Mengupayakan suatu supporting system adalah hal yang diperlukan bagi kita. Dan mereka yang memiliki sikap homopobia perlu “disembuhkan” dengan pemahaman-pemahaman. Seorang kawan dalam diskusi berbagi pengalaman dengan mengambil sikap dialog dengan anggota keluarga secara intens dan bertahap untuk menciptakan supporting system dalam keluarga. Pada situasi yang ekstrem, ada pula kawan yang memilih untuk menjaga jarak terlebih dulu. Atau mengajak orangtua yang homopobia untuk ikut dalam kegiatan-kegiatan LGBTIQ maupun konseling yang khusus membahas isu ini. Setiap individu LGBTIQ pun perlu memperkaya diri dengan pengetahuan dan keterlibatan pada akses-akses pendukung, termasuk komunitas/organisasi LGBTIQ.

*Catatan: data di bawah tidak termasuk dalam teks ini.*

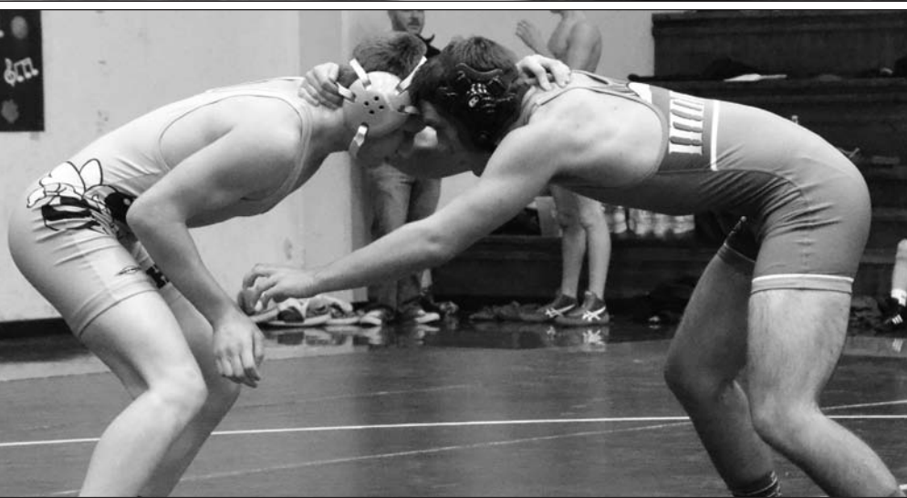
Towns County basketball

Persoalan homopobia memang memiliki kompleksitasnya sendiri. Tetapi ini adalah pula persoalan sosial yang membutuhkan gerakan bersama untuk berupaya mengubah kondisi sosial kita menjadi lebih ramah terhadap kelompok LGBTIQ. Memang sulit untuk mengubah tafsir agama atau doktrin yang terlanjur menghujat LGBTIQ, tetapi bukan berarti sesuatu yang mustahil karena setiap agama juga menjunjung tinggi nilai-nilai kemanusian terhadap siapa pun, termasuk LGBTIQ sebagai individu.
Film Beyond the Hills yang rilis pertama pada Cannes Film Festival tahun 2012 lalu itu berhasil mendapatkan penghargaan untuk kategori “Best Screenplay” dan diseleksi oleh Academy Awards ke-85 untuk “Best Foreign Language Oscar” atas keberhasilannya memaparkan bagaimana perilaku homopobia telah merenggut hak-hak paling mendasar dari manusia hingga menyebabkan pasangan homoseksual berada pada situasi yang sangat rumit dan tak adil. Alina berakhir dengan kematian karena penyiksaan fisik yang dilakukan oleh kalangan biara, sedangkan Voichita dengan rasa bersalah dan penyesalan yang berujung pada hukuman pidana.
*Penulis adalah lulusan magister manajemen pariwisata di SPS Univ. Sahid. Pendiri www.jejakwisata.com dan tengah menyiapkan sebuah buku esay kajian pariwisata kontemporer.